Instructions for the task:
Write out the lines below exactly, beginning at the one with "褥瘡の予防と処置、留置カテー" and stopping after the one with "イブニングドレスロングスカー"; the pictures are not copied.

Listed records:
-=-=-=-=-

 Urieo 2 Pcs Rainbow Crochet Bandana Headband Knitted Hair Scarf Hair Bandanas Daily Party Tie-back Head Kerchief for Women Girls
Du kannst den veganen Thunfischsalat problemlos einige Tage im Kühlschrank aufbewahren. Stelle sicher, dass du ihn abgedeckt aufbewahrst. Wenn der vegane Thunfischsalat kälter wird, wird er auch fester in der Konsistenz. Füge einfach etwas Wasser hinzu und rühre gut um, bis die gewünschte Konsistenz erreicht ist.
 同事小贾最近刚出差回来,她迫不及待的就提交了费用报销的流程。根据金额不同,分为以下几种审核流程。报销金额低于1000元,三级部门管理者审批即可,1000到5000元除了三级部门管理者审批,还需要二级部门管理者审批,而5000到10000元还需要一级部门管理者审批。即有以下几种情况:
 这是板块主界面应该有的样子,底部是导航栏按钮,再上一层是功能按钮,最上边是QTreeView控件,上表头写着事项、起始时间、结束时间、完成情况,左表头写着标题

-=-=-=-=-

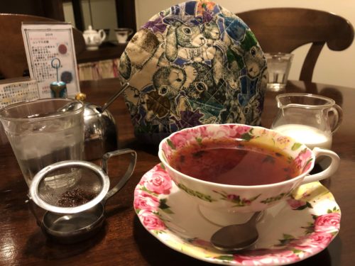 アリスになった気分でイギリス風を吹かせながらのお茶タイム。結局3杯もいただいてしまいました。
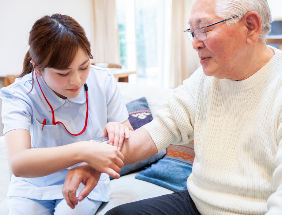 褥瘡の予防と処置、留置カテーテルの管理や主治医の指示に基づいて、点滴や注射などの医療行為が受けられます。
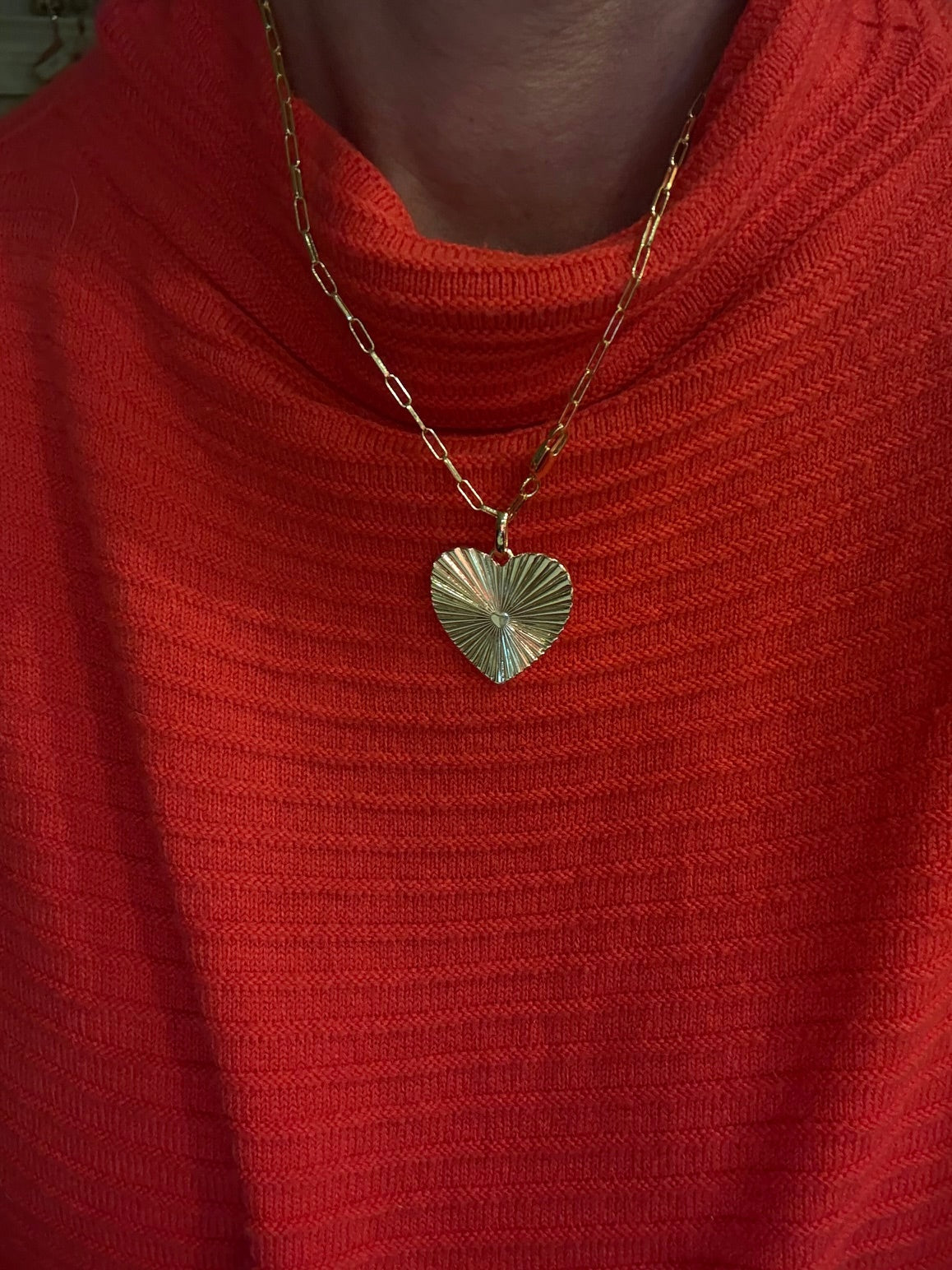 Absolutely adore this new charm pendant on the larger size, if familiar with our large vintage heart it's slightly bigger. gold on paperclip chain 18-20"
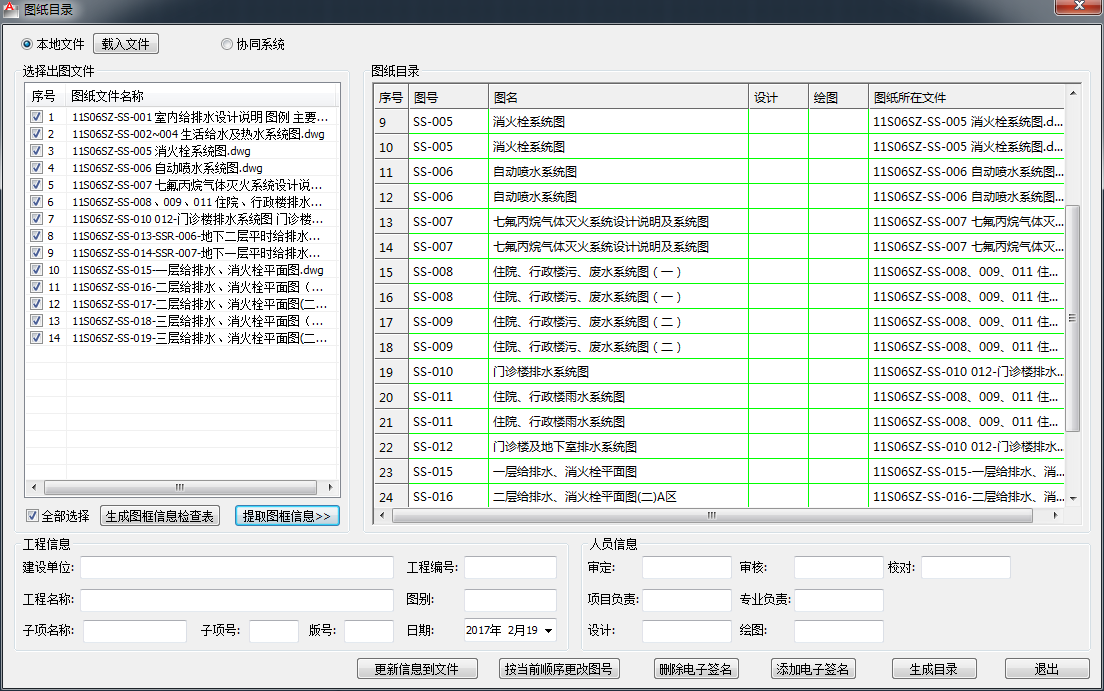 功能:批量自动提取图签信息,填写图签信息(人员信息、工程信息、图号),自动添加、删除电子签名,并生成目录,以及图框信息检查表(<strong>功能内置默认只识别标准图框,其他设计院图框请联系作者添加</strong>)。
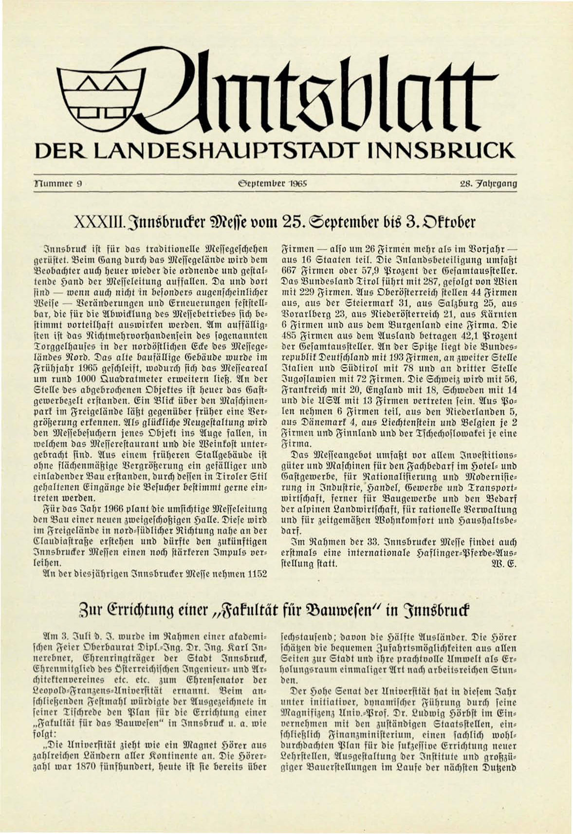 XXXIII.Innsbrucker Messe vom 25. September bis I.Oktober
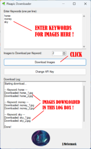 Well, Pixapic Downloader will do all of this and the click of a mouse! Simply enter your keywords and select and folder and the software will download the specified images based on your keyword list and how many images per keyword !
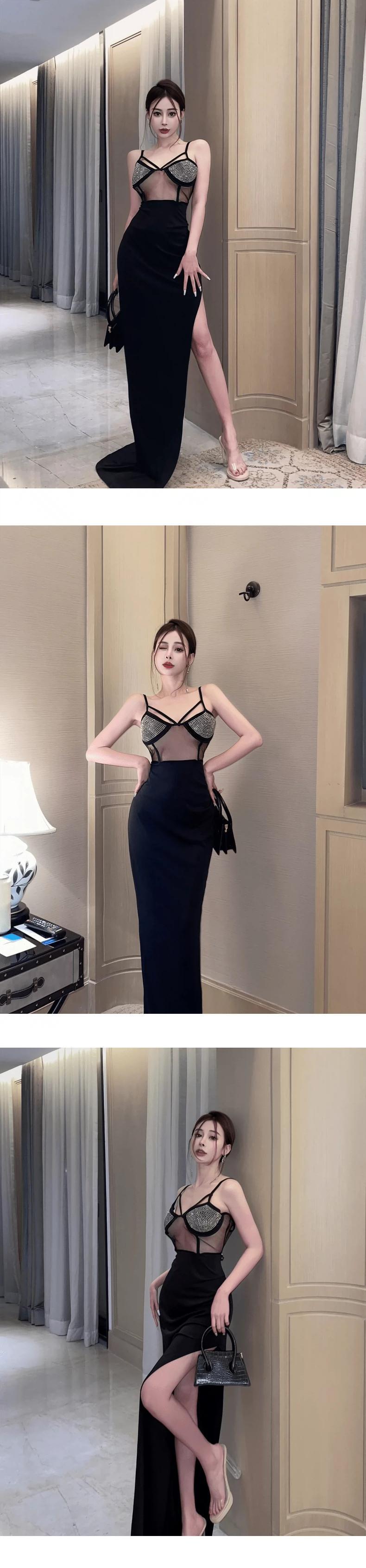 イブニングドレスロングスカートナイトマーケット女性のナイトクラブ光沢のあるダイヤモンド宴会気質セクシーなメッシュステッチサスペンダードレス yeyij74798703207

-=-=-=-=-

Result of this exercise:
 褥瘡の予防と処置、留置カテーテルの管理や主治医の指示に基づいて、点滴や注射などの医療行為が受けられます。
 Absolutely adore this new charm pendant on the larger size, if familiar with our large vintage heart it's slightly bigger. gold on paperclip chain 18-20"
 功能:批量自动提取图签信息,填写图签信息(人员信息、工程信息、图号),自动添加、删除电子签名,并生成目录,以及图框信息检查表(<strong>功能内置默认只识别标准图框,其他设计院图框请联系作者添加</strong>)。
 XXXIII.Innsbrucker Messe vom 25. September bis I.Oktober
 Well, Pixapic Downloader will do all of this and the click of a mouse! Simply enter your keywords and select and folder and the software will download the specified images based on your keyword list and how many images per keyword !
 イブニングドレスロングスカートナイトマーケット女性のナイトクラブ光沢のあるダイヤモンド宴会気質セクシーなメッシュステッチサスペンダードレス yeyij74798703207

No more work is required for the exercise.